◆ **ENTRIES SUPPLIED**:
■ ■ ■
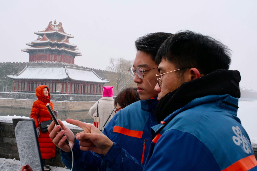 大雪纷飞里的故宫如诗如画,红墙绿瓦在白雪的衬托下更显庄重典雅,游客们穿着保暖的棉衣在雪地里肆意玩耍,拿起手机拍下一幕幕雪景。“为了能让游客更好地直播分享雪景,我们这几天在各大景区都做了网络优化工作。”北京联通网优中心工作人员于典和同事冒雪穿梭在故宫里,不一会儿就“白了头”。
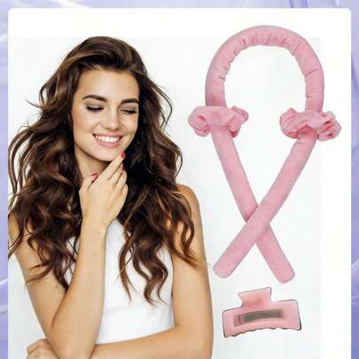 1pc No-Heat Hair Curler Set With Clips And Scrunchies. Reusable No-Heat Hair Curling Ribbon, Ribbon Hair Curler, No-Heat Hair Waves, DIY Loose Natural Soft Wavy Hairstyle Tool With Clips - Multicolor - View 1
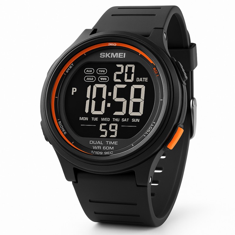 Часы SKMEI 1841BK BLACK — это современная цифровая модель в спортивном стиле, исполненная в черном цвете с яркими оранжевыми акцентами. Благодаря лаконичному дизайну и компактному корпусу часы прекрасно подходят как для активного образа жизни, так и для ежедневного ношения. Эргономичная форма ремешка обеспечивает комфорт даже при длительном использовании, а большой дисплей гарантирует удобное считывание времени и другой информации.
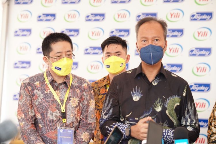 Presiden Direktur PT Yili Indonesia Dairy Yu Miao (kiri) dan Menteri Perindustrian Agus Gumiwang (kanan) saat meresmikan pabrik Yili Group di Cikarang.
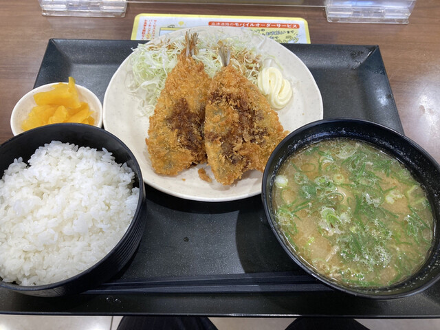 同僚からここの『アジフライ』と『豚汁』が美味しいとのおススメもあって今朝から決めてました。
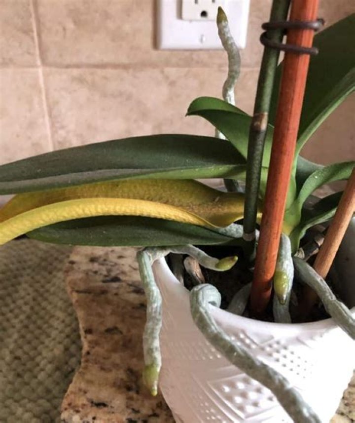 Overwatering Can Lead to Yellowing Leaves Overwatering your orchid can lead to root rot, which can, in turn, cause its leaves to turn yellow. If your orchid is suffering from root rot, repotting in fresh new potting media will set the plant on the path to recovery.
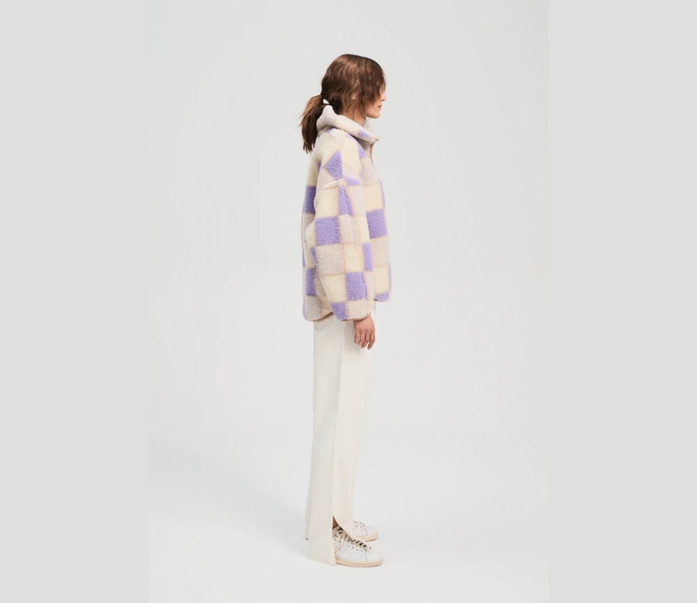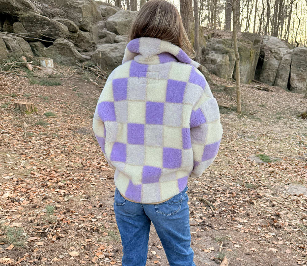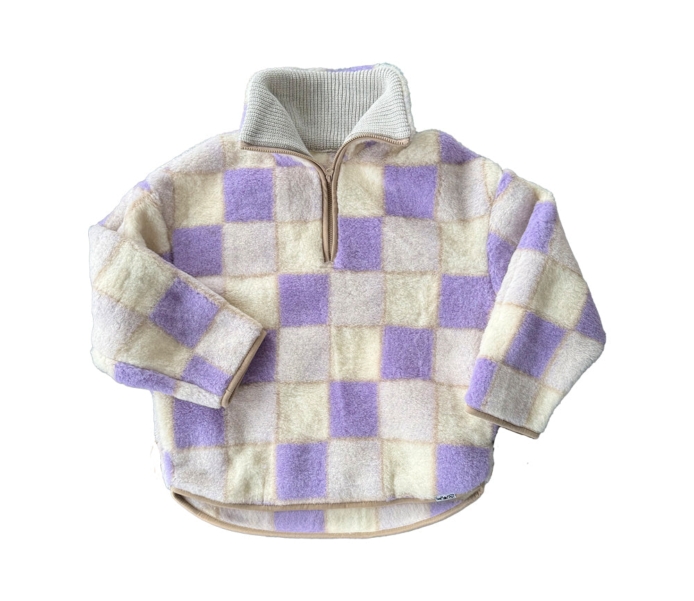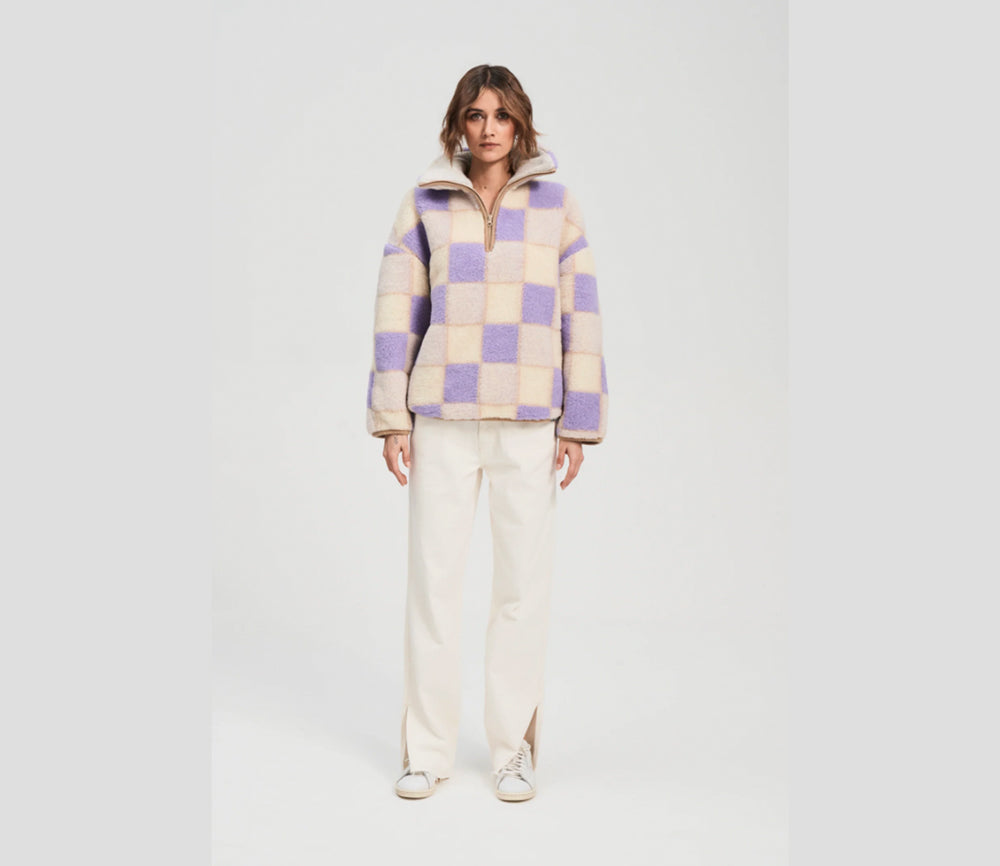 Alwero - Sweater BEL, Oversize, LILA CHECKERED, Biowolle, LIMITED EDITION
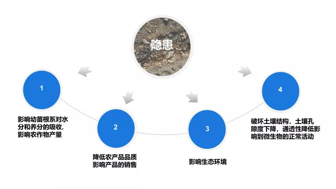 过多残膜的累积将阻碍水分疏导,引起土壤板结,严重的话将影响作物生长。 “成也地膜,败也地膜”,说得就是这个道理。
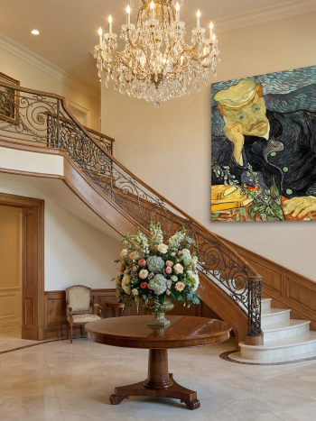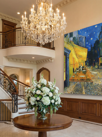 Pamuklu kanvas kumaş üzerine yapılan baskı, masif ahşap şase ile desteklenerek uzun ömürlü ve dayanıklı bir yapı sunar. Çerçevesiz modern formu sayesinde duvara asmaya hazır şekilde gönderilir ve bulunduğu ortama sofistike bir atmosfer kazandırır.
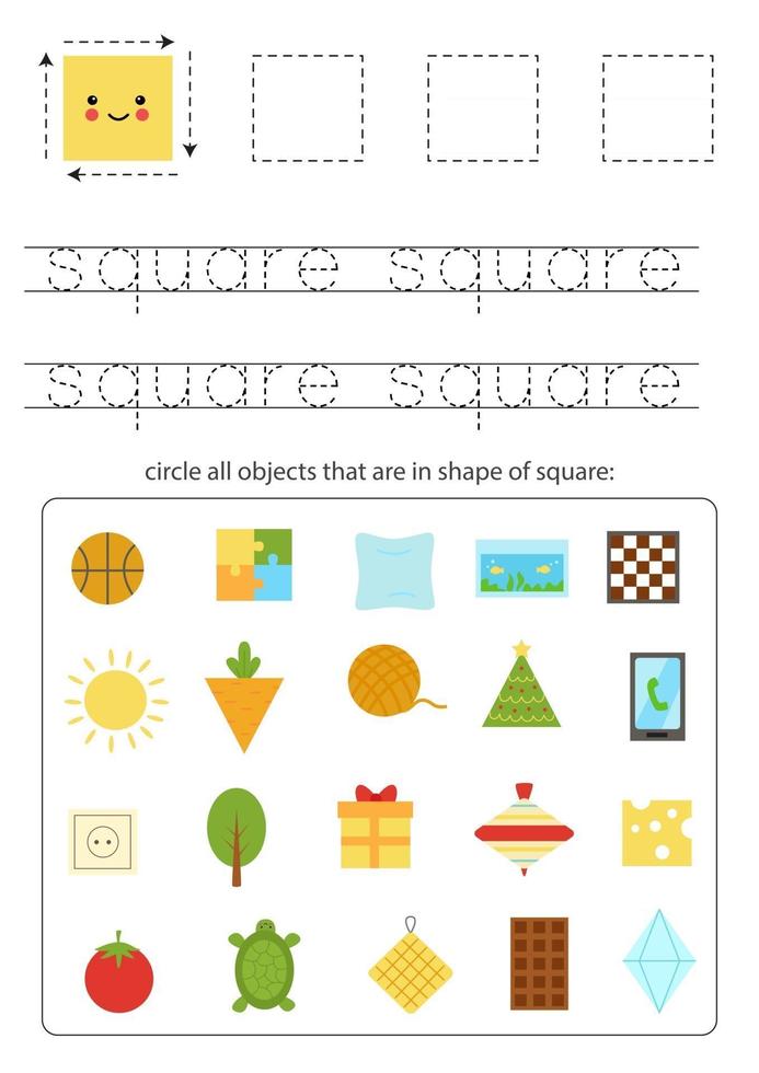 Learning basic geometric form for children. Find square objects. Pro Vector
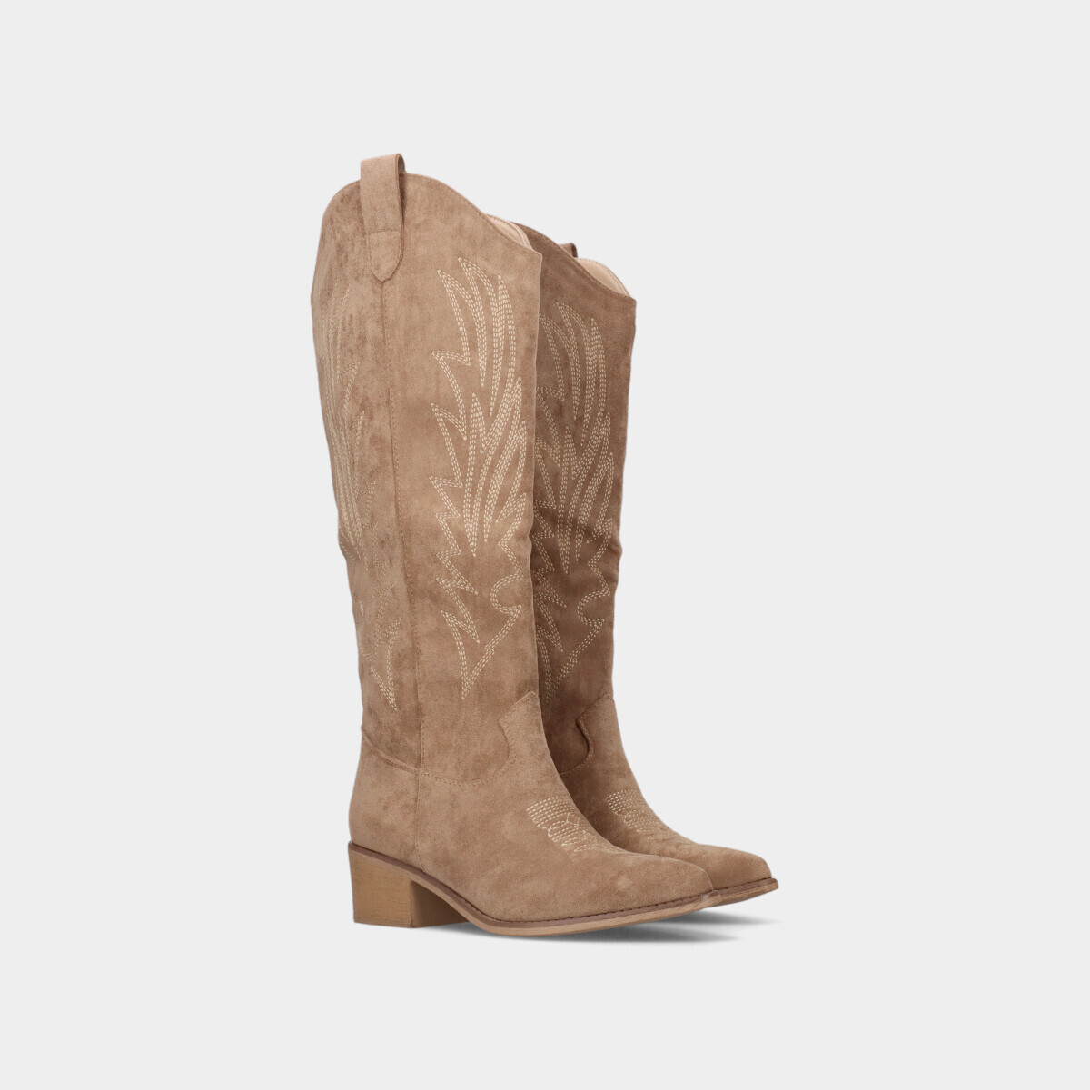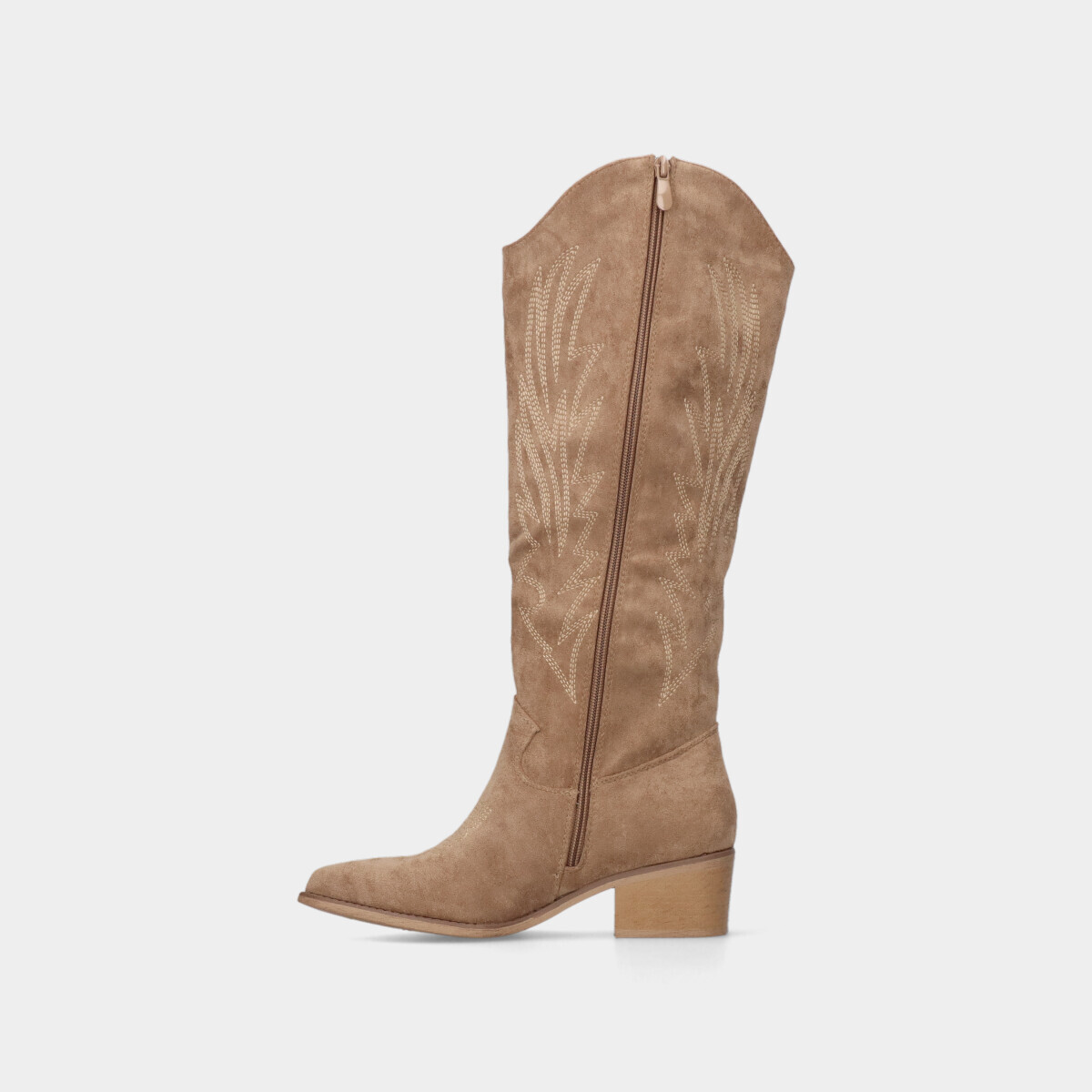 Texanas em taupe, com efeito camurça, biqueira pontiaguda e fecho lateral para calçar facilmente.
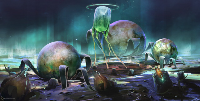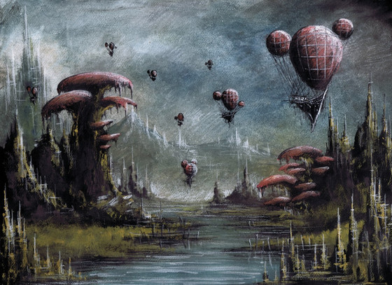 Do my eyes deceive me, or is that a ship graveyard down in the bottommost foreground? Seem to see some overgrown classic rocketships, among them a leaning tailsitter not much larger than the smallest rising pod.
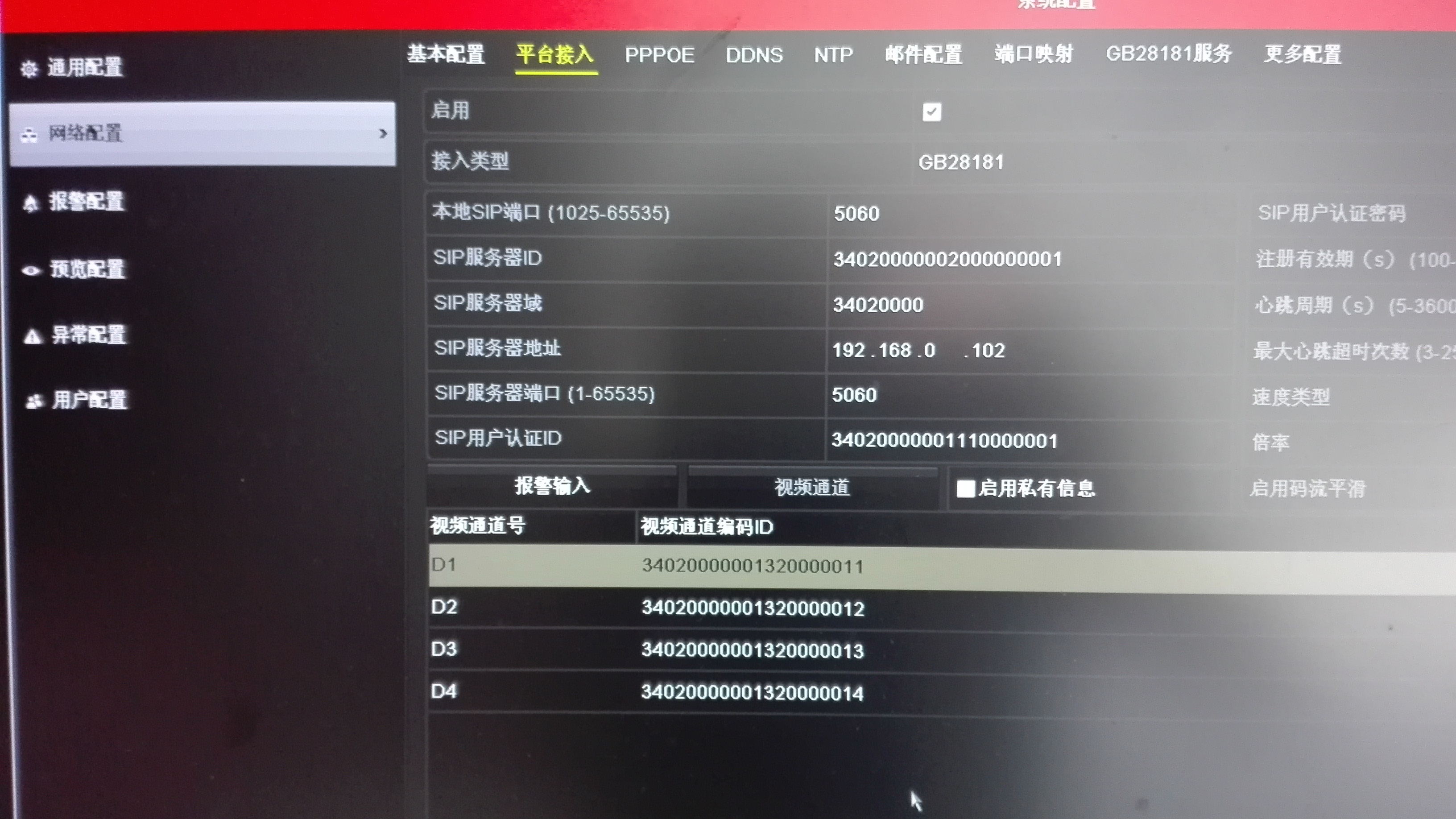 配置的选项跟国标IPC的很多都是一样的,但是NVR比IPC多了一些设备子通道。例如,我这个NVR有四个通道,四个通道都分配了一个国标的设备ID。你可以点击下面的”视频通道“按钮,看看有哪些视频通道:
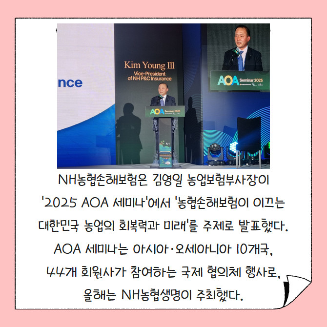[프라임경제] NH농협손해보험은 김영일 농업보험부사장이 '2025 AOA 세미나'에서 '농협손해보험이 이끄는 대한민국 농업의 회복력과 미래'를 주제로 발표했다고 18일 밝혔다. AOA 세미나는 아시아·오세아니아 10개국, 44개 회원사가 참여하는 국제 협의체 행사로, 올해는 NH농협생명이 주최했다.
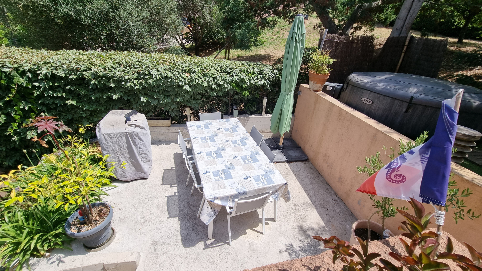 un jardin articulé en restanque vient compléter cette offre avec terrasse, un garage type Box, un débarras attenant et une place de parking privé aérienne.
■ ■ ■
Leave out the pictures and retype the rest of the entries exactly.

◆ **THE COMPLETED TASK**:
 大雪纷飞里的故宫如诗如画,红墙绿瓦在白雪的衬托下更显庄重典雅,游客们穿着保暖的棉衣在雪地里肆意玩耍,拿起手机拍下一幕幕雪景。“为了能让游客更好地直播分享雪景,我们这几天在各大景区都做了网络优化工作。”北京联通网优中心工作人员于典和同事冒雪穿梭在故宫里,不一会儿就“白了头”。
 1pc No-Heat Hair Curler Set With Clips And Scrunchies. Reusable No-Heat Hair Curling Ribbon, Ribbon Hair Curler, No-Heat Hair Waves, DIY Loose Natural Soft Wavy Hairstyle Tool With Clips - Multicolor - View 1
 Часы SKMEI 1841BK BLACK — это современная цифровая модель в спортивном стиле, исполненная в черном цвете с яркими оранжевыми акцентами. Благодаря лаконичному дизайну и компактному корпусу часы прекрасно подходят как для активного образа жизни, так и для ежедневного ношения. Эргономичная форма ремешка обеспечивает комфорт даже при длительном использовании, а большой дисплей гарантирует удобное считывание времени и другой информации.
 Presiden Direktur PT Yili Indonesia Dairy Yu Miao (kiri) dan Menteri Perindustrian Agus Gumiwang (kanan) saat meresmikan pabrik Yili Group di Cikarang.
 同僚からここの『アジフライ』と『豚汁』が美味しいとのおススメもあって今朝から決めてました。
 Overwatering Can Lead to Yellowing Leaves Overwatering your orchid can lead to root rot, which can, in turn, cause its leaves to turn yellow. If your orchid is suffering from root rot, repotting in fresh new potting media will set the plant on the path to recovery.
 Alwero - Sweater BEL, Oversize, LILA CHECKERED, Biowolle, LIMITED EDITION
 过多残膜的累积将阻碍水分疏导,引起土壤板结,严重的话将影响作物生长。 “成也地膜,败也地膜”,说得就是这个道理。
 Pamuklu kanvas kumaş üzerine yapılan baskı, masif ahşap şase ile desteklenerek uzun ömürlü ve dayanıklı bir yapı sunar. Çerçevesiz modern formu sayesinde duvara asmaya hazır şekilde gönderilir ve bulunduğu ortama sofistike bir atmosfer kazandırır.
 Learning basic geometric form for children. Find square objects. Pro Vector
 Texanas em taupe, com efeito camurça, biqueira pontiaguda e fecho lateral para calçar facilmente.
 Do my eyes deceive me, or is that a ship graveyard down in the bottommost foreground? Seem to see some overgrown classic rocketships, among them a leaning tailsitter not much larger than the smallest rising pod.
 配置的选项跟国标IPC的很多都是一样的,但是NVR比IPC多了一些设备子通道。例如,我这个NVR有四个通道,四个通道都分配了一个国标的设备ID。你可以点击下面的”视频通道“按钮,看看有哪些视频通道:
[프라임경제] NH농협손해보험은 김영일 농업보험부사장이 '2025 AOA 세미나'에서 '농협손해보험이 이끄는 대한민국 농업의 회복력과 미래'를 주제로 발표했다고 18일 밝혔다. AOA 세미나는 아시아·오세아니아 10개국, 44개 회원사가 참여하는 국제 협의체 행사로, 올해는 NH농협생명이 주최했다.
 un jardin articulé en restanque vient compléter cette offre avec terrasse, un garage type Box, un débarras attenant et une place de parking privé aérienne.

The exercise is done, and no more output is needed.